● **RECORDS PROVIDED**
○ ○ ○ ○ ○

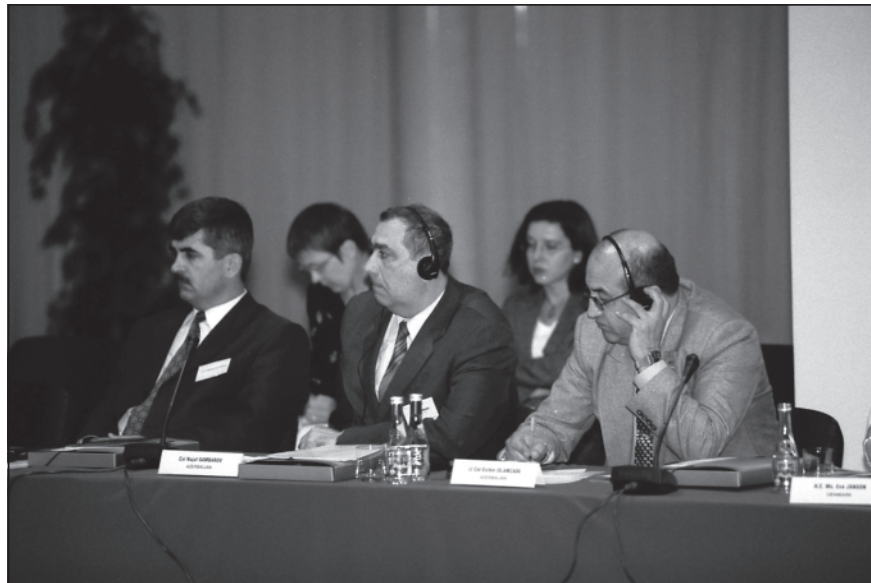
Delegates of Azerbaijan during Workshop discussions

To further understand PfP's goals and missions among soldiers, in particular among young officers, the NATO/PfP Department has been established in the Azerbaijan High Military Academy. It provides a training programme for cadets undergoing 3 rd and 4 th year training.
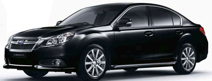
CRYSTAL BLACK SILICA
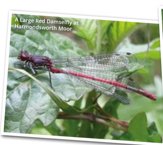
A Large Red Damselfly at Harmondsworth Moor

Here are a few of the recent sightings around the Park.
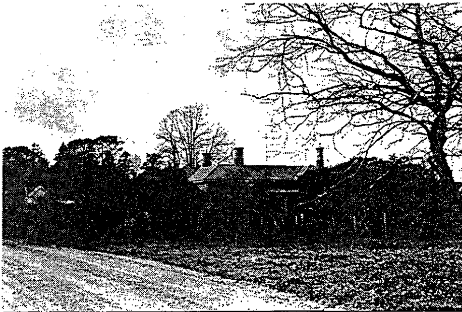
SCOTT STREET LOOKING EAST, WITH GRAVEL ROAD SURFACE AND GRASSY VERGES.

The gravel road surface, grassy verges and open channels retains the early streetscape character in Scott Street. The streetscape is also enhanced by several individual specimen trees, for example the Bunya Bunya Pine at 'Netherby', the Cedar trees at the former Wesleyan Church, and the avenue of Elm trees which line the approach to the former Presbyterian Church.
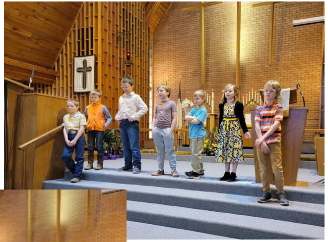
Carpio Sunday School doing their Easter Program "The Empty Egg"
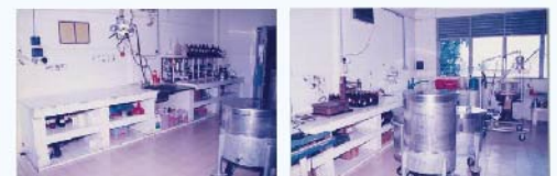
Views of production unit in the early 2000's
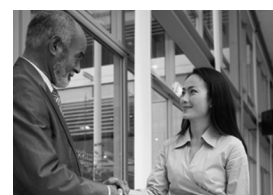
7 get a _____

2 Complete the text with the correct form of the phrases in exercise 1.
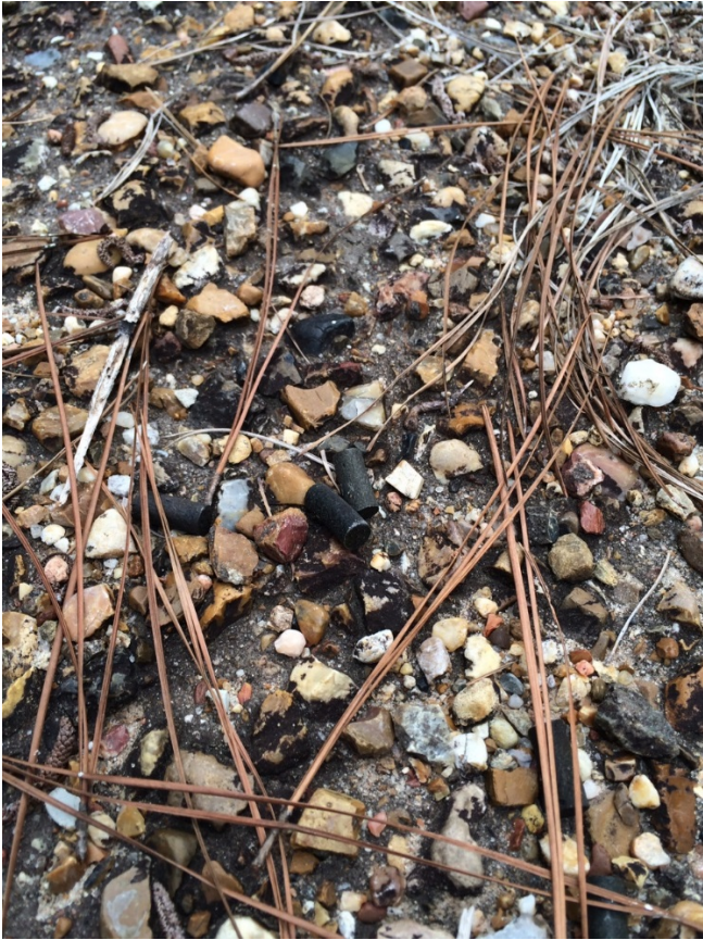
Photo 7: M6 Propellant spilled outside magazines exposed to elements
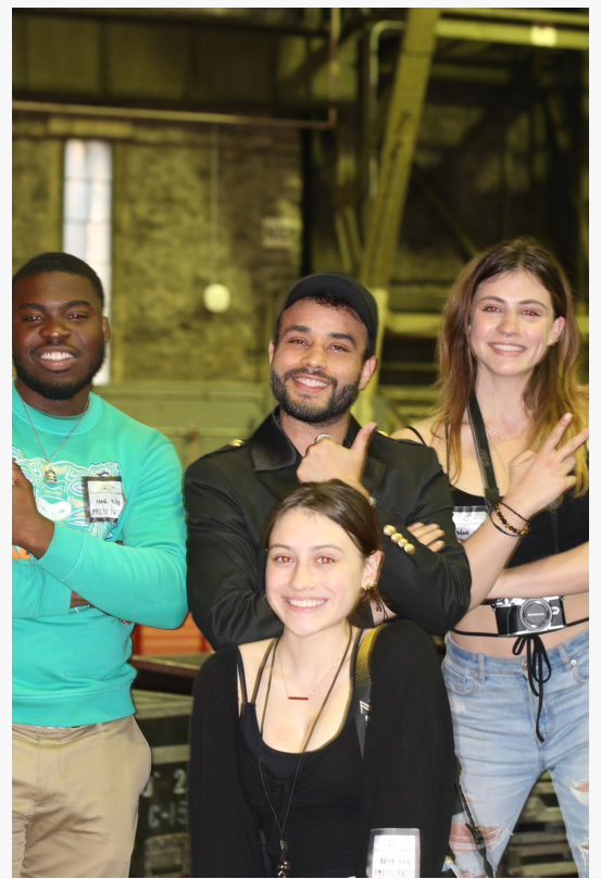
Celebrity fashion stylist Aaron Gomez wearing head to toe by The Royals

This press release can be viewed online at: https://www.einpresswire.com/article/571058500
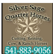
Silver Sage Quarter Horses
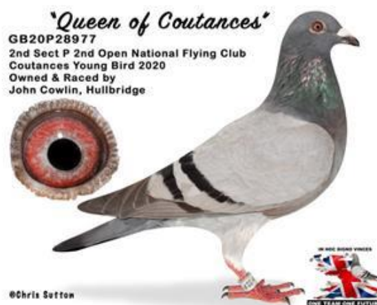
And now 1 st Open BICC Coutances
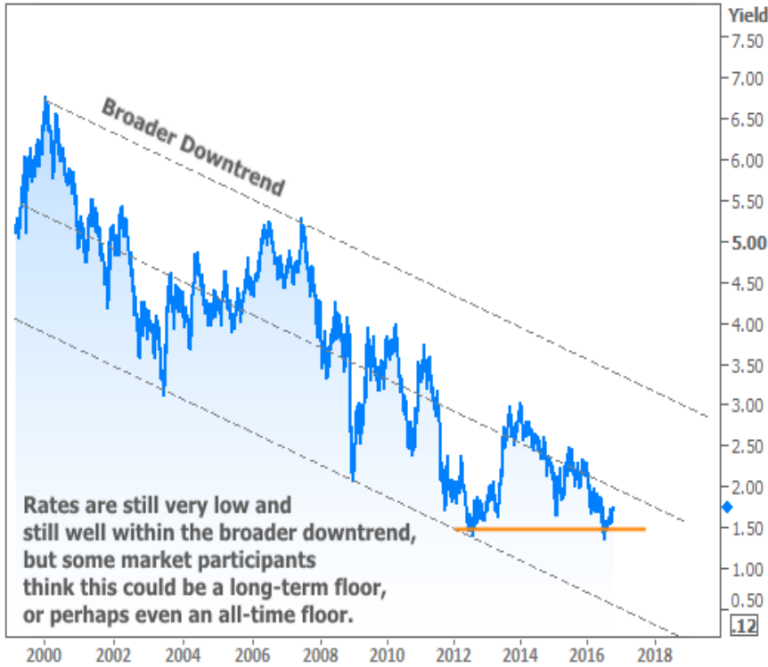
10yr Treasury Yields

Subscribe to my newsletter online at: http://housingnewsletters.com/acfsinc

○ ○ ○ ○ ○

● **TASK ITEM**
Pull each line containing "online" from the records.

● **EXERCISE ANSWER**
This press release can be viewed online at: https://www.einpresswire.com/article/571058500
Subscribe to my newsletter online at: http://housingnewsletters.com/acfsinc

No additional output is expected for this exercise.